Basic Runbook Example

The below example is a basic Runbook that monitors the status of nginx by executing the service nginx status command and restarts nginx if that command is not successful.

name: Verify nginx is running
schedule: "*/5 * * * *"
nodes:
  - "*web*"
checks:
  nginx_is_running:
    # Check if nginx is running
    execute_from: target
    type: cmd
    cmd: service nginx status
actions:
  restart_nginx:
    execute_from: target
    trigger: 2
    frequency: 300
    call_on:
      - WARNING
      - CRITICAL
    type: cmd
    cmd: service nginx restart

The format of a Runbook is written in YAML. This format allows for simple parsing of Runbooks while retaining a human friendly format. YAML is also a very common configuration language used by many automation tools which should reduce the ramp up time for those who are experienced with other infrastructure automation tools.

Runbook Reference

The below is a detailed reference for the available options within a Runbook. At this moment all fields specified within this reference are required fields.

name

The name field is used to provide an arbitrary name to the Runbook. This field is a required field and must have some value. It is suggested that this value be unique and not re-used by other Runbooks.

schedule

The schedule field is used to provide a cron formatted schedule for health check execution. The specified cron schedule will be used to establish the frequency to execute the health checks defined within the Runbook.

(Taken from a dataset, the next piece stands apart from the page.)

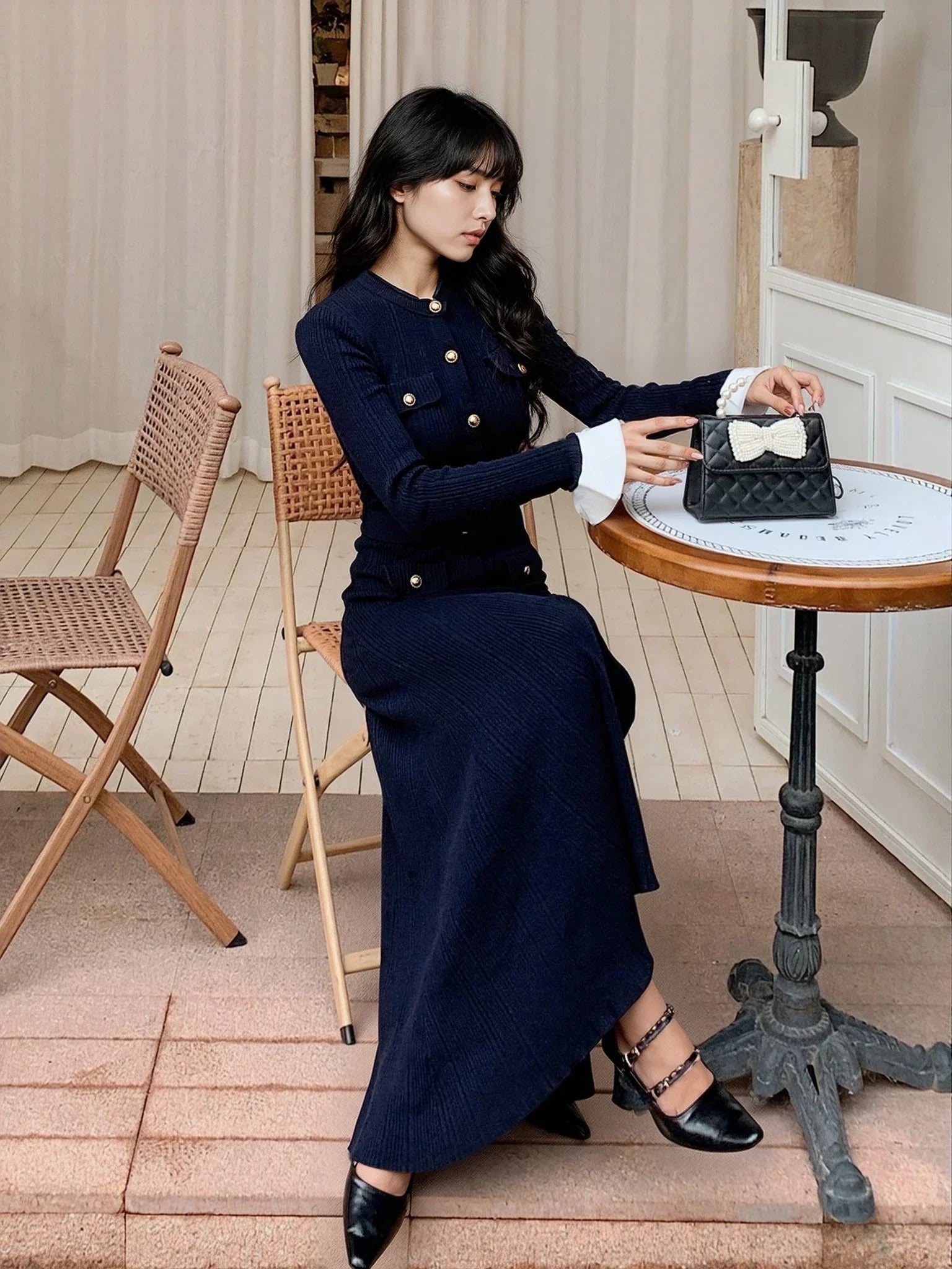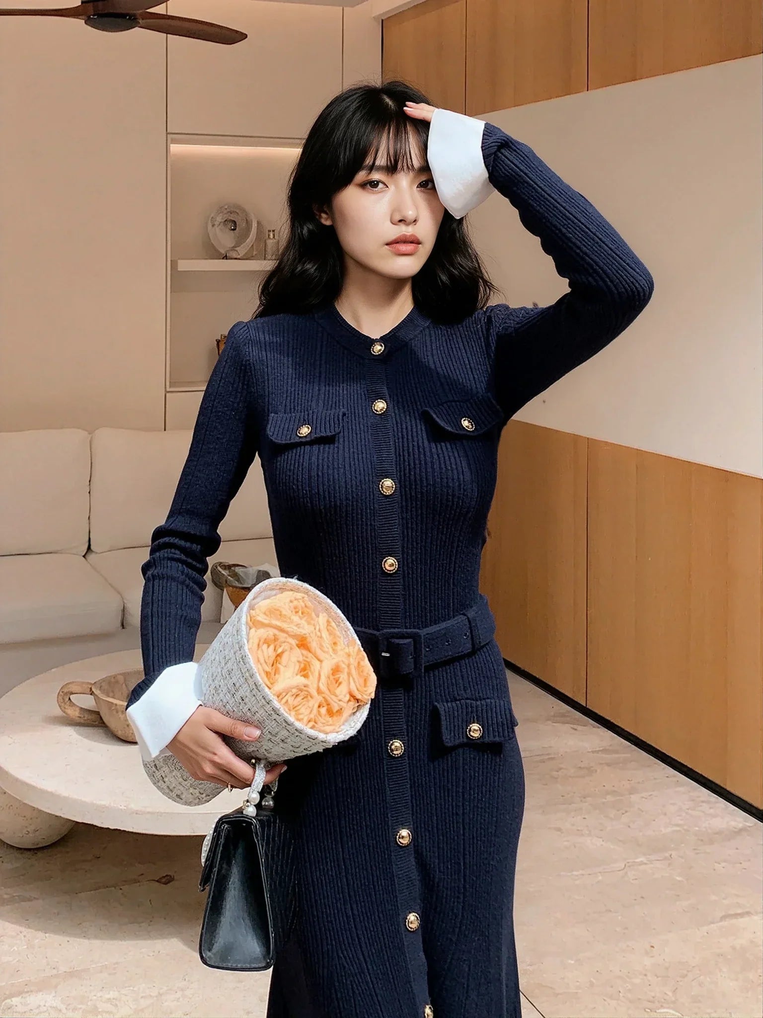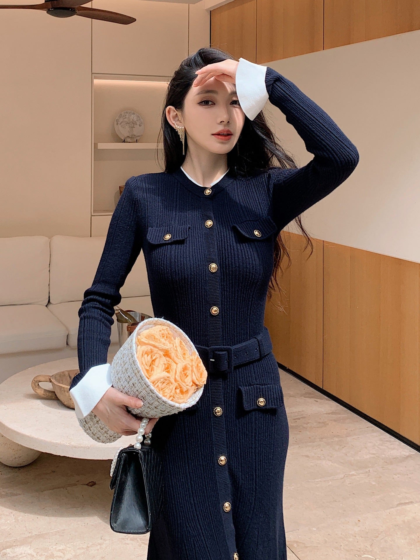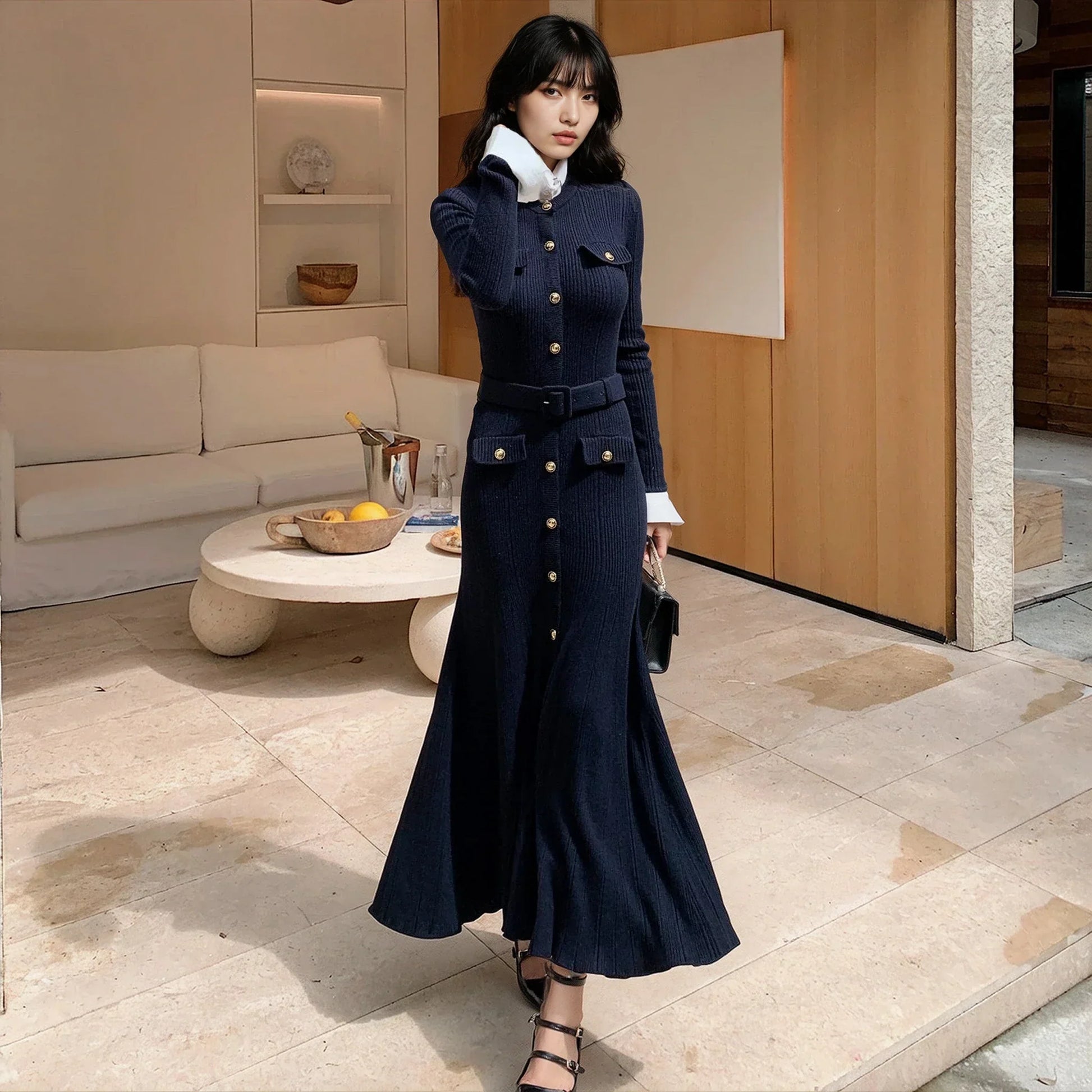 Rahatlığı ve şıklığı dengeli bir şekilde sunan bu lacivert örgü elbise, yüksek bel tasarımı ve streç kumaşıyla mükemmel bir uyum sağlar. Düğmeli pat detayı, kemeri, cepleri ve çıkarılabilir omuz pedleri ile birçok farklı tarza uyum sağlayacak çok yönlü bir parça.

It is also possible to define the schedule in a key/value based format as well as a cron based format.

schedule:
  second: '*/15'
  minute: '*'
  hour: '*'
  day: '*'
  month: '*'
  day_of_week: '*'

For key/value based schedules you may omit fields for default values ('*'); however, cron based schedules requires all 5 columns(* * * * *).

nodes

The nodes field is a YAML list used to specify which target nodes this runbook should be applied to. This list is based on the hostname value of the nodes.

In the example above the value is *web*, since Automatron supports globbing for the nodes field this would mean this runbook is applied to any hosts that have the word "web" in their hostname.

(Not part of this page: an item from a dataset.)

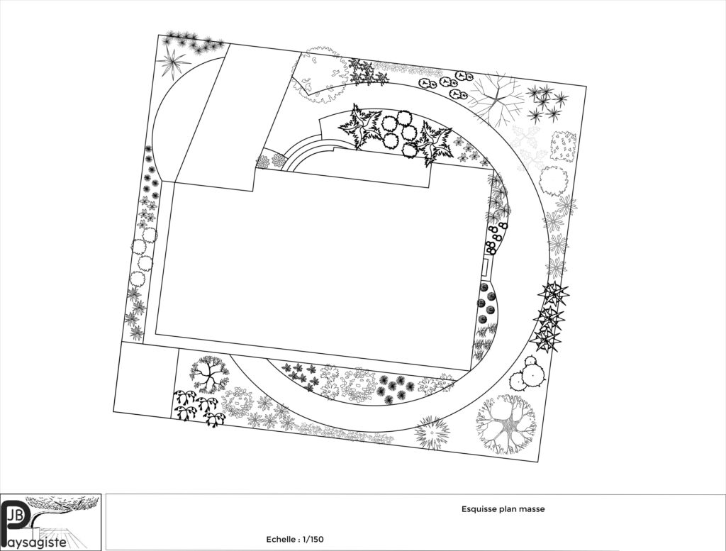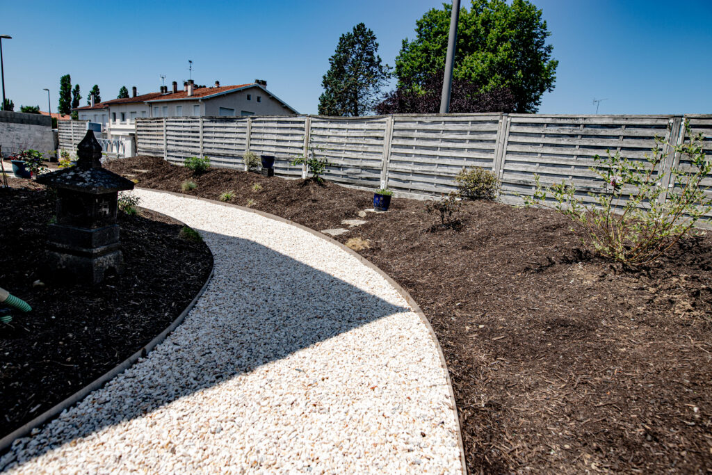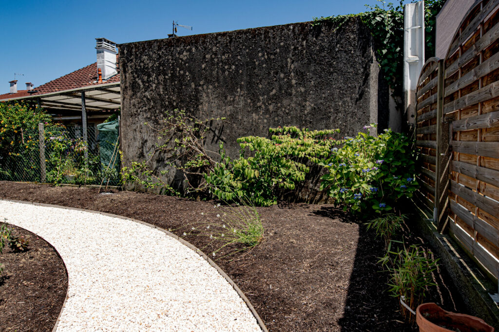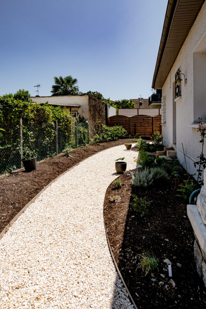 Conception et réalisation d’un jardin en cercle autour d’une maison. Réalisation d’une allée en gravier et pose de volige en Acier brute pour délimité l’allée des massifs.
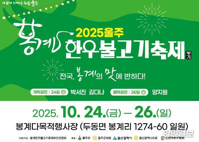 오병국 봉계한우불고기축제 추진위원장은 “이번 축제는 울주군민과 관광객이 함께 즐길 수 있는 참여형 축제로 준비했다”며 “봉계의 맛과 정이 살아 있는 축제를 통해 지역 상권이 활기를 되찾길 바란다”고 말했다.

Hostnames are obtained during the target vetting process from the systems itself. If the hostname changes from vetting time to execution time that change will not be reflected in runbook processing.

As previously mentioned this field is a YAML list which allows for multiple values to be added. The example below shows how to add multiple node targets.

nodes:
  - "*web*"
  - "*caching*"

checks

The checks field is a YAML dictionary that contains the health checks to be executed against the specified nodes in the nodes list.

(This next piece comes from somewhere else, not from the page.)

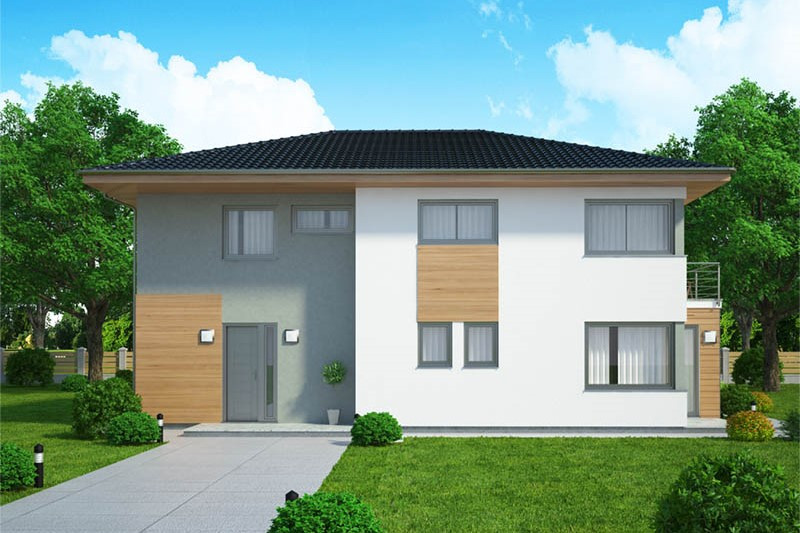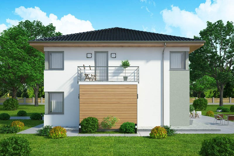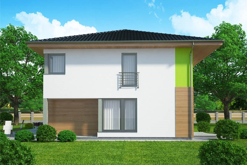 Dům dobře zapadne do města i na venkov a uspokojí nároky na moderní bydlení pro čtyřčlennou rodinu. Velký společný obývací prostor v přízemí je promyšleně rozdělen na kuchyňskou část a sezení, ke kladům patří také chráněná rohová terasa, pohodlné zázemí a dostatek úložného prostoru.
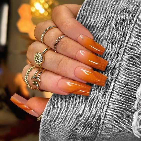 For a more understated yet chic look, this design features a gradient effect from bright orange to a softer, more muted shade. The gel nails have a smooth finish that adds a touch of sophistication. This style is perfect for those who prefer a more natural look but still want to embrace the fall colors. The square nail shape keeps it modern and easy to maintain.

The format of checks is as follows.

checks:
  name_of_check:
    # health check options
  another_check:
    # health check options

The name key for each check is arbitrary and mainly used for logging, however it should be unique within the same Runbook.

Health Check Types

Automatron supports 2 types of health checks; cmd and plugin. The cmd type is used to execute arbitrary shell commands and the plugin type is used to upload and execute an executable.

Depending on the type used, the health check has different required options.

Command Execution

The cmd Check type is used to execute arbitrary shell commands as a health check. The results of this check is determined based on the exit code of the last command executed.

Below is an example of a cmd based health check.

checks:
  nginx_is_running:
    # Check if nginx is running
    execute_from: target
    type: cmd
    cmd: service nginx status

This health check will execute the service nginx status command and validate the exit code returned to determine the status of the health check.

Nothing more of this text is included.